ACTION ITEM
Exactly and only the lines below from the one containing "Cake Topper di" down to the one containing "White star pattern" are wanted, both included; please exclude every picture.

STORED DATA
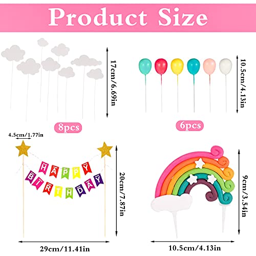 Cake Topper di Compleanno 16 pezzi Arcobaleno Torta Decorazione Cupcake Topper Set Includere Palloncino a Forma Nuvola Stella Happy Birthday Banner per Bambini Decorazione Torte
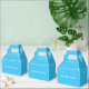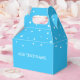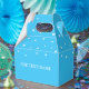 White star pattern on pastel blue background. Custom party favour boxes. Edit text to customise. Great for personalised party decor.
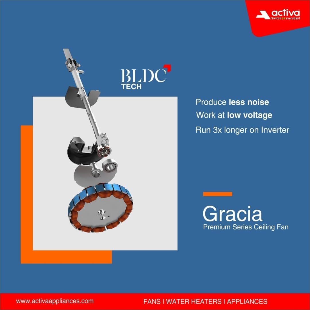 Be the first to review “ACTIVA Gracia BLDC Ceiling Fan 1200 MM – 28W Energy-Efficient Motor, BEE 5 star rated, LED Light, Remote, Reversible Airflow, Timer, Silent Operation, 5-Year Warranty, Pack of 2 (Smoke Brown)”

* * *

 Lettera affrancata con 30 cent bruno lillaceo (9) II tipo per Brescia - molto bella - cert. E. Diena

...

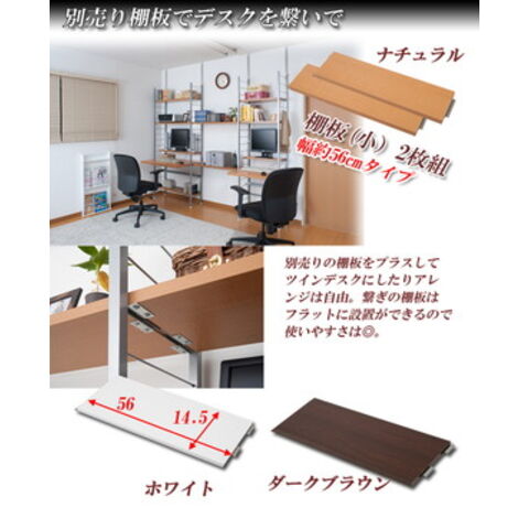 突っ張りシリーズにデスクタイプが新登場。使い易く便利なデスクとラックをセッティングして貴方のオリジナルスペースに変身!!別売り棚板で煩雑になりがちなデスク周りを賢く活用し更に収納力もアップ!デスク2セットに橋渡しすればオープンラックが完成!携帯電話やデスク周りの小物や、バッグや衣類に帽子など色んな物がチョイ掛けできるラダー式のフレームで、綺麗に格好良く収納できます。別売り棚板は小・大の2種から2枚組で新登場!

OUTPUT BELOW
 Cake Topper di Compleanno 16 pezzi Arcobaleno Torta Decorazione Cupcake Topper Set Includere Palloncino a Forma Nuvola Stella Happy Birthday Banner per Bambini Decorazione Torte
 White star pattern on pastel blue background. Custom party favour boxes. Edit text to customise. Great for personalised party decor.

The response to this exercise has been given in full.